Large groups are companies having more than 51 or more employees eligible for employee benefits. Eligibility is defined as an employee working more 30 hours per week and having passed the employee waiting period established by the employer. Companies may exclude part-time, seasonal and temporary employees.

Large group plans, unlike small group are not guaranteed issue. As such, a group with a very poor claims history might find themselves paying exorbitant rates. Or, a company can be declined or rated based on the prior claims experience. Large groups typically have employee rates that are composite rated. The rates could be two, three or four tier. Two tier is a rate for employees and a rate for families. Three tier might also break out a rate with dependents. Four tier would usually be an employee rate, employee and spouse rate, employee and children rate and employee, spouse and children rate (family). With a composite rate the insurance company or HMO has calculated a rate that would apply to an employee regardless of age, sex or location.

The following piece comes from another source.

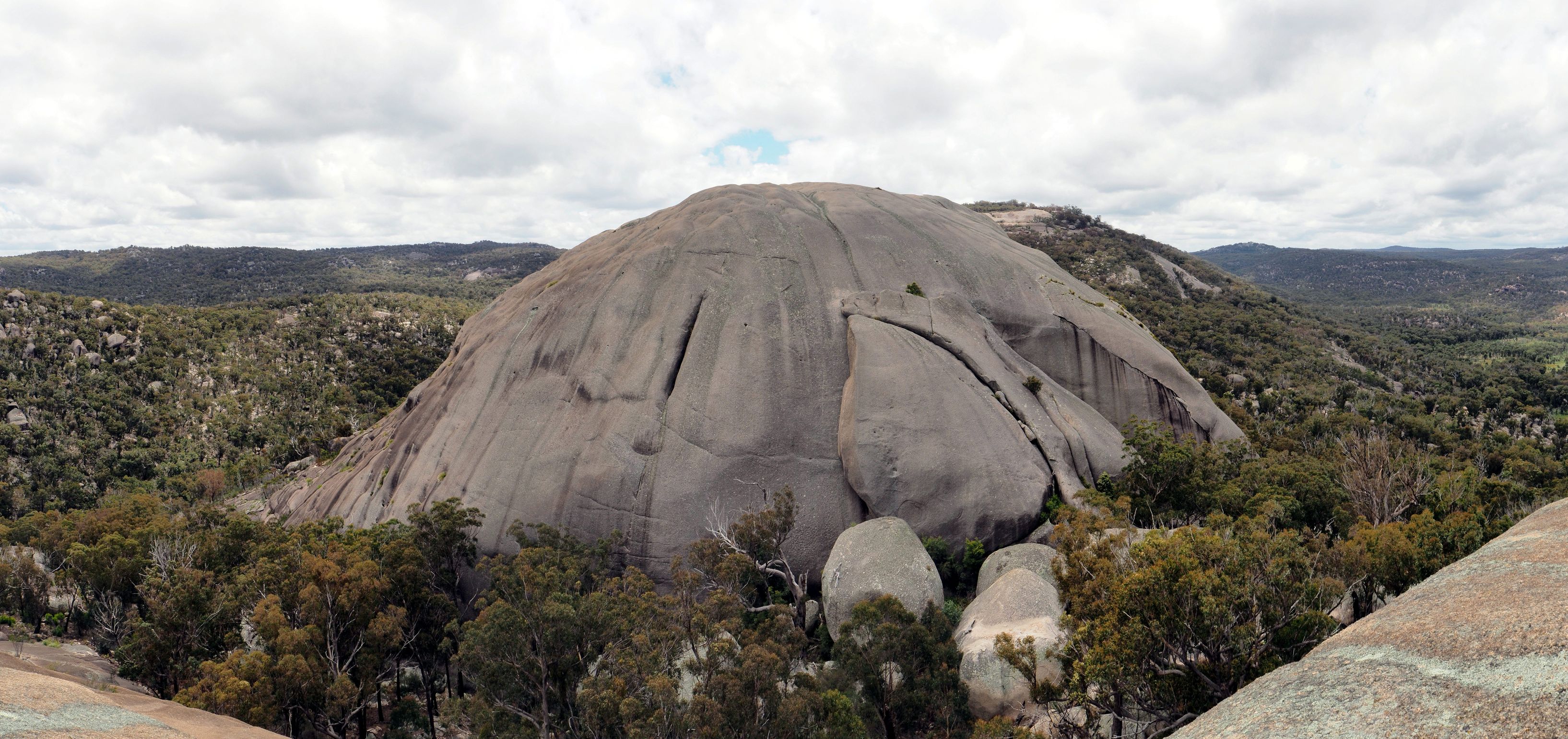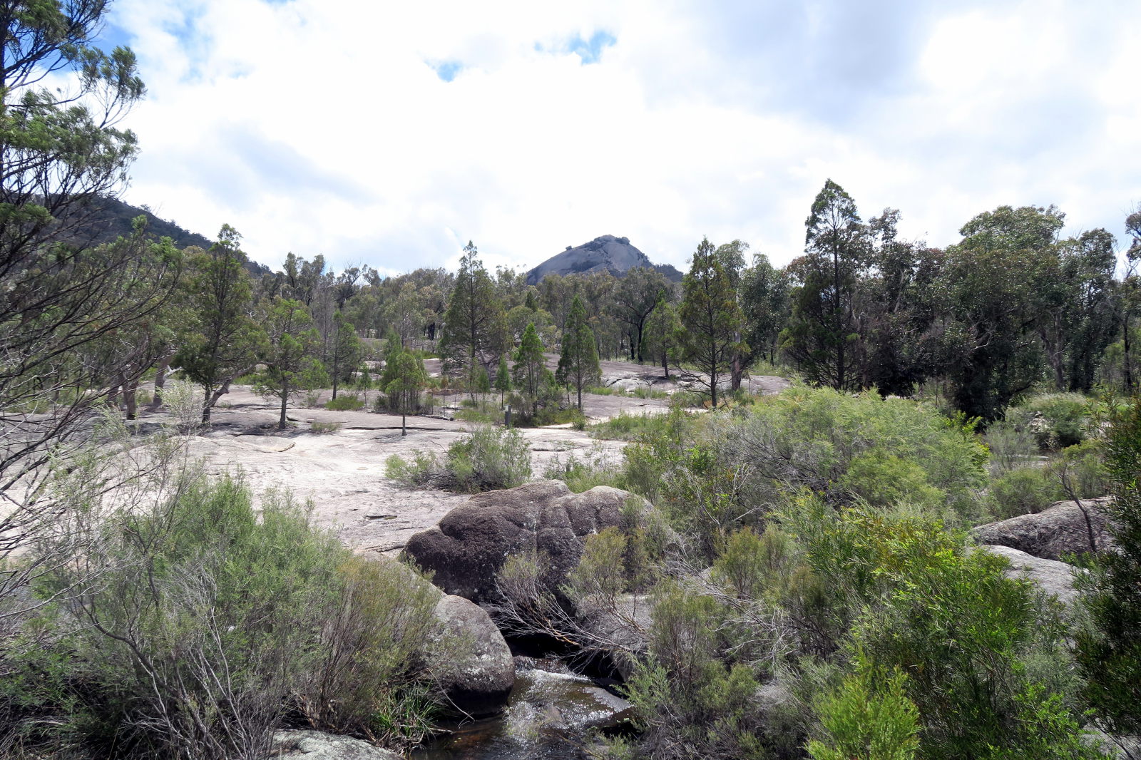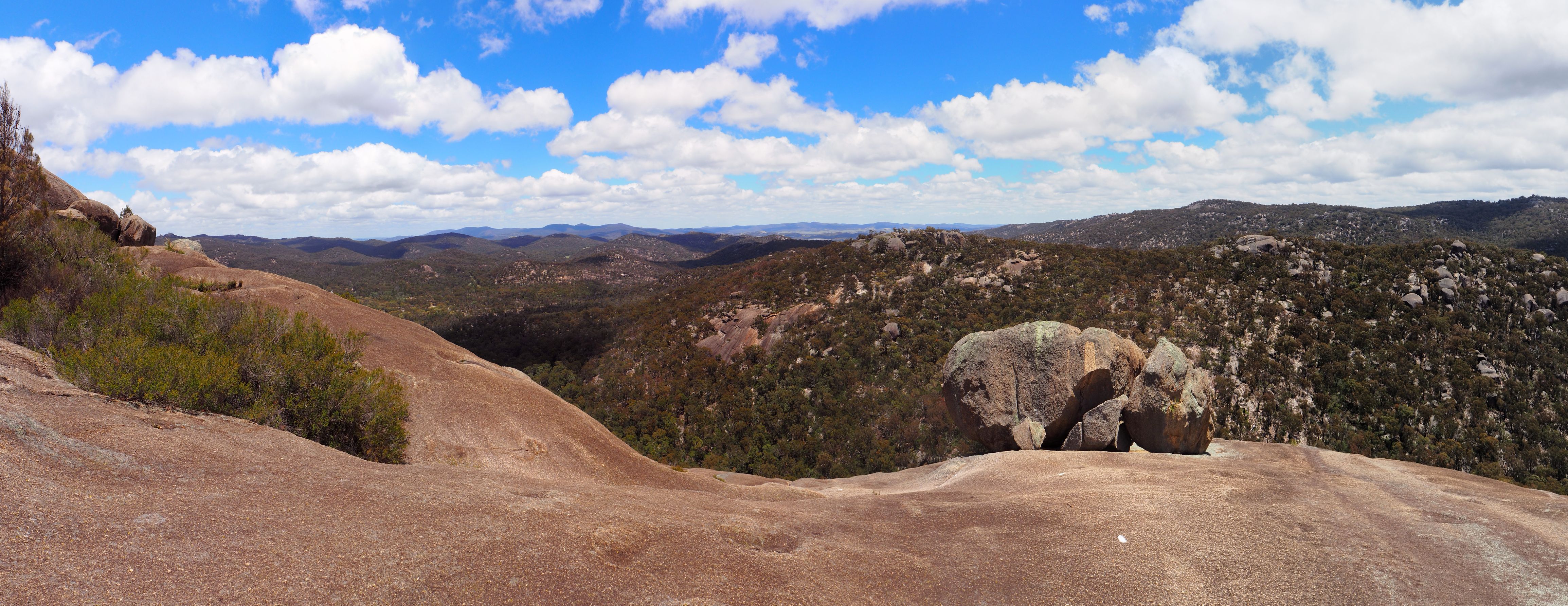 Nous avons décidé d’outrepasser la « Gold Coast » et sa ville « mythique » de Surfer Paradise (trop de bitume à notre goût) et plutôt de revenir dans les terres pour aller au Parc National de Girraween, en redescendant vers Sydney. Celui-ci est situé sur la « Granite Belt » dans le Queensland, à 260 km au Sud-Ouest de Brisbane. Sa limite Sud est la frontière entre le Queensland et le New South Wales. Il est jumelé avec le parc national de Bald Rock qui s’étend de l’autre côté de la frontière (qui abrite Bald Rock, le deuxième plus grand monolithe (après Uluru) sur le continent).

The final composite rate is usually determined by the actual group of enrolled employees. This can make getting a precise rate quote difficult if not impossible in some cases. A business won't know exactly the census of enrolled employees until they enroll. This is one of the reasons quotes have a disclaimer stating that the actual final rate is determined by enrollment. The larger the business looking for insurance the less this matters. Therefore, very large companies can receive accurate rate quotes in advance.

Past claims history plays an important role in determining if an insurance company is willing to offer insurance and at what rate. Underwriters will want to have as much information as possible. Sometimes insurance companies will quote without having this, but the danger is, the information would be asked at enrollment. If there have been health problems, the underwriter may decide to decline or rate up the company. Benefit personnel could find themselves in a predicament caused by agents anxious to get the company to commit, only to have an underwriter decline or raise the rate. Plans are usually scheduled to replace an existing health plan at renewal, leaving the company little opportunity to look elsewhere. It is wise to be sure the agent is provided good information and be sure the agent also gives the information to the insurance company.